STREET OF SHADOWS  (1953)

   Laurence Meynell, to begin at what’s probably the wrong (but easiest) place to start, is in all likelihood unknown to all but the keenest of detective fiction fans, but he had one of the longest careers in the business, with his first mystery novel coming out in 1928 and his last in 1988 (when he was 89).

   He also wrote non-fiction, poetry, children’s books and more. For a short online tribute to him, should you be interested, go here.

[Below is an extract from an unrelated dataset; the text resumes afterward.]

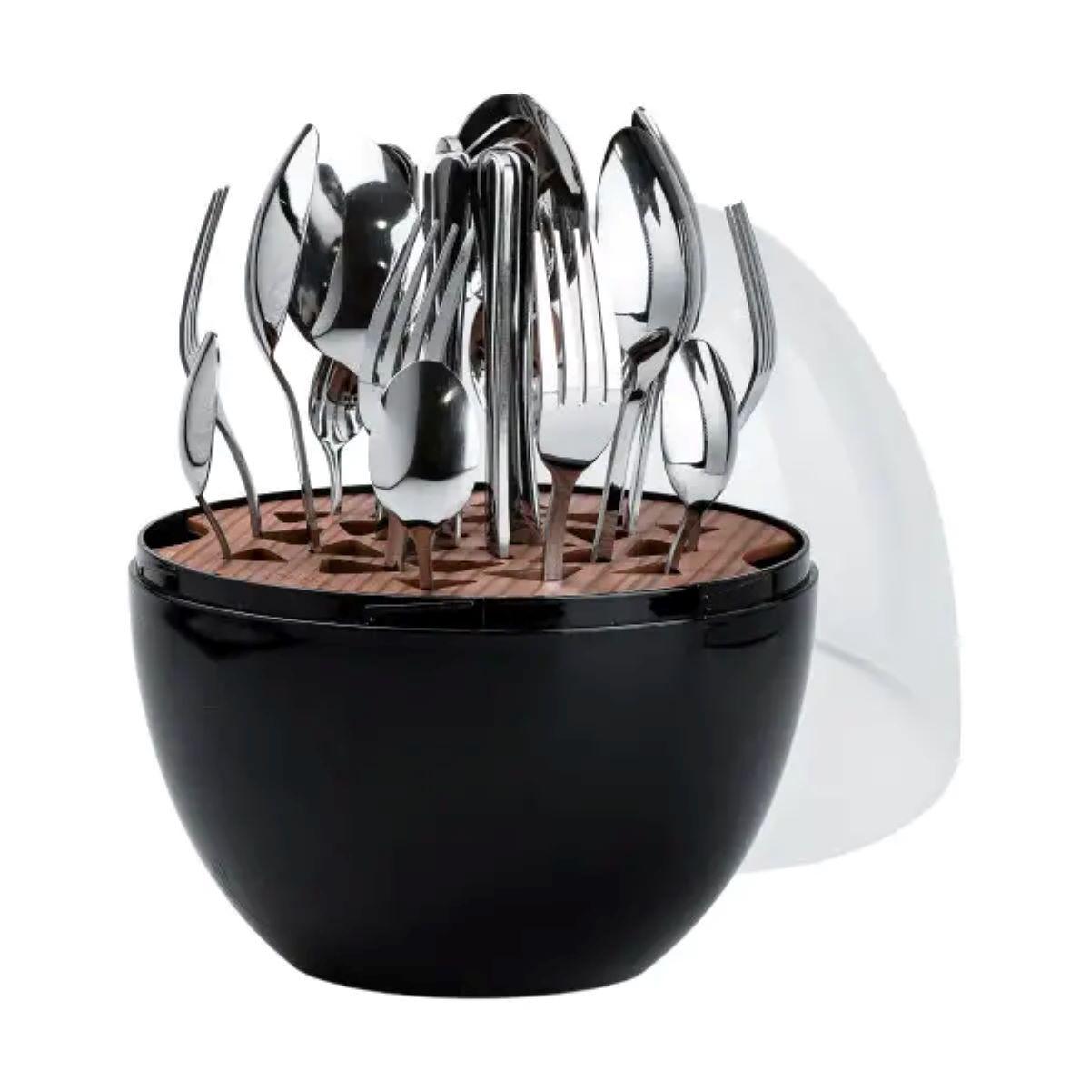 Набір столових приладів на 6 персон із нержавіючої сталі 24 штуки з підставкою Яйце Чорний HP78811

   The book that Street of Shadows was based on, The Creaking Chair (1941), isn’t one I’ve happened to read, so whether the movie has any resemblance to it, I cannot tell you. It came to me (the film, that is) in DVD form, as part of a box set of Forgotten Noir films, not that in 1953 they had any idea that they were making noir films, only films with crime and lots of dark shadows, all the better to hide how few dollars (or pounds, rather) there were involved with the budget in making them.

STREET OF SHADOWS  (1953)

   I will make no jokes about the movies in this set being “Forgotten.” I will point out that the version of Street of Shadows in this set is seven minutes longer than the one released in the US, so you will get your money’s worth that way, if nothing more. (And for the life of me, I cannot figure out what seven minutes might have been cut. The plot’s so compact that leaving anything out would leave the story line incomprehensible, or so it would seem to me.)

   All seriousness aside, there are a couple of reasons for watching this movie, and I’m going to tell you right away that the story line isn’t particularly one of its strong suits. But Cesar Romero, whether he was playing the Cisco Kid or The Joker on the Batman TV series, never turned in a bad performance. Larger than life, perhaps, as he is here as Luigi, owner of a pinball club in London’s Soho district, but as always, he is also as natural before the camera as any actor I can think of.

STREET OF SHADOWS  (1953)

   In Street of Shadows he is attracted to Barbara Gale, the wife of a man who’s bored with her, a fact that I can neither understand nor explain to you, since she’s a second reason for watching this movie, the most exquisitely beautiful Kay Kendall, married later to Rex Harrison not long before her tragic death from leukemia at the age of only 33.

   Also notable in the cast is Victor Maddern as Luigi’s crippled pug-ugly janitor “Limpy,” who’s never had a real date with a woman, and Simone Silva (of Robert Mitchum fame) as Angele Abbé, the girl that Luigi has broken up with. When she’s found dead in Luigi’s penny arcade, the eyes of the police turn directly to him — and on the run he goes, in order to clear himself.

STREET OF SHADOWS  (1953)

   Don’t go looking for a major detective story here, even though an inspector from Scotland Yard has a sizable role to play (Edward Underdown).

   Watch this instead for the almost incessantly dark settings, Cesar Romero’s strong performance, to see Kay Kendall at the height of her stylish beauty, and for several of the mechanical devices in Luigi’s arcade, including a head-bobbing, banjo-playing clown, the latter adding noisily to the atmosphere, along with a jukebox in grand 1950s style that I really wouldn’t mind having myself.